Мы проводим несколько относительно мирных дней на Бездонном озере. «Бездонном?» — уточняет мистер Ропер. «Ага, дна нету», — подтверждает миссис фон Лейбниц. Озеро больше похоже на пруд — оно лежит обломком лакрицы меж усеянных овцами холмов, и черная блестящая поверхность наводит на мысль, что озеро и впрямь неисчерпаемо. Мистер фон Лейбниц одалживает нам удочки, и миссис Ропер, мистер Ропер и Джордж стоят на краю озера, закидывая удочки и подергивая поплавки, но им так и не удается ничего поймать. Наверно, всю рыбу засосало через бездонный провал в Австралию. Малыш Дэвид в это время нетвердо ковыляет вокруг (напоминая большое противное насекомое), а Патриция сидит на траве, сжавшись в комок, и читает «Хамфри Клинкера»,

[45]
злобно глядя на Малыша Дэвида, когда он подходит близко.
Банти порхает вокруг озера — вместо удочки она закидывает многозначительные взгляды. Присутствие миссис Ропер сильно осложняет развитие романа, но все равно озерные прогулки Банти постоянно приводят ее к мистеру Роперу. Удивительно, сколько раз за день эта парочка сталкивается — соприкасается пальцами при попытке взять чашку, прижимается телом к телу в узких дверях, словно мистер Ропер — магнит, а Банти — кучка железных опилок.
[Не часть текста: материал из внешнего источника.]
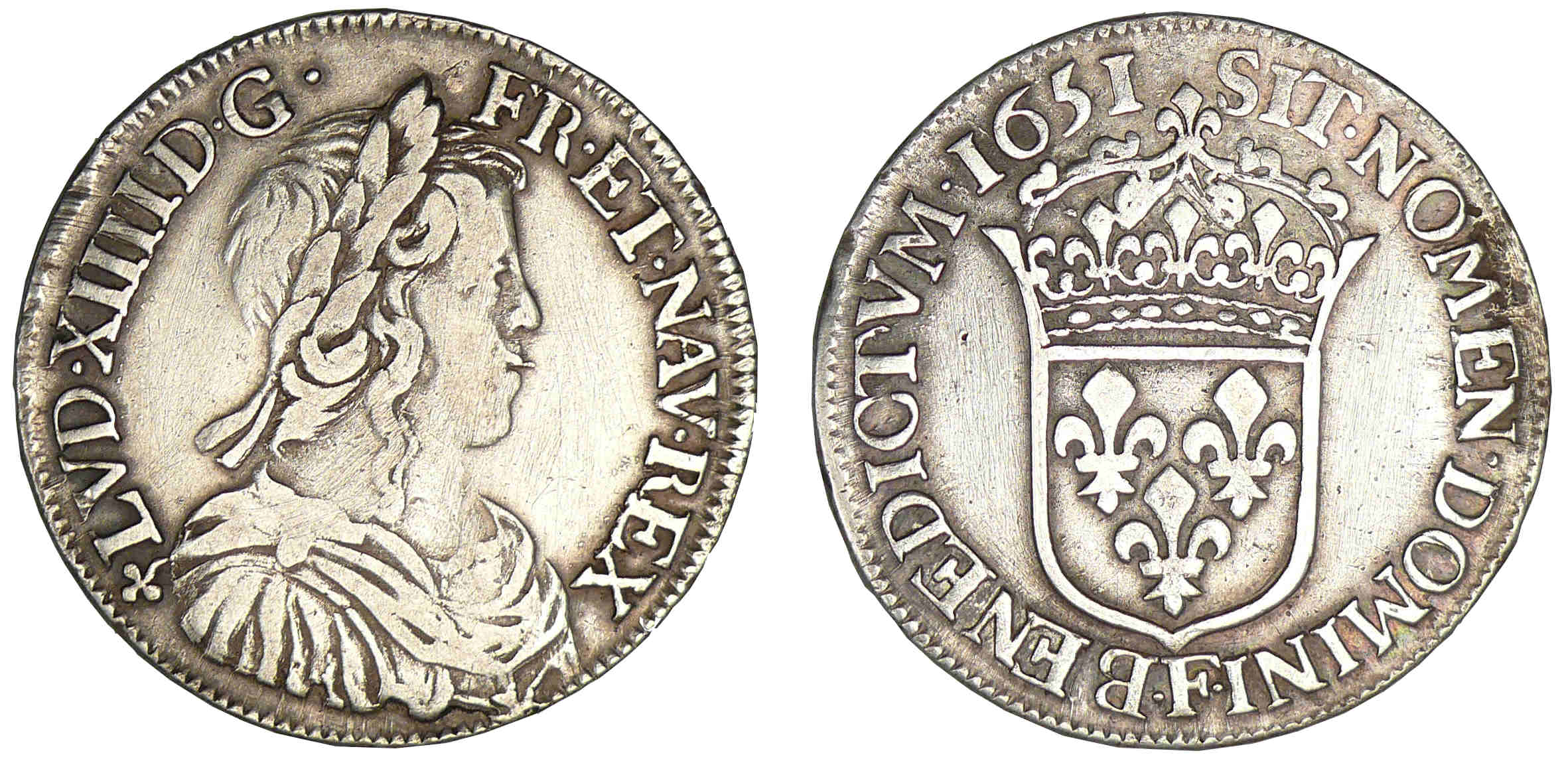 / Louis XIV – Demi-écu à la mèche longue 1651 F (Angers)

Кристина все время втягивает меня в игры собственного изобретения, которые все до единой исходят из предпосылки, что мы с ней — лошади. Мне трудно отвертеться от этих лошадиных игрищ, и единственным выходом для меня остается скакать очертя голову к ближайшему холму, надеясь, что Кристина не последует за мной. Иногда побег удается, особенно если Кристина отвлекается на что-нибудь («О боже! Где малыш?») или в очередной раз сопутствует Кеннету в проверке теории бездонности озера («Кеннет! Сейчас же вылезай из воды!»). Мне лично кажется, что проверить эту теорию проще простого, надо только бросить Кеннета в озеро.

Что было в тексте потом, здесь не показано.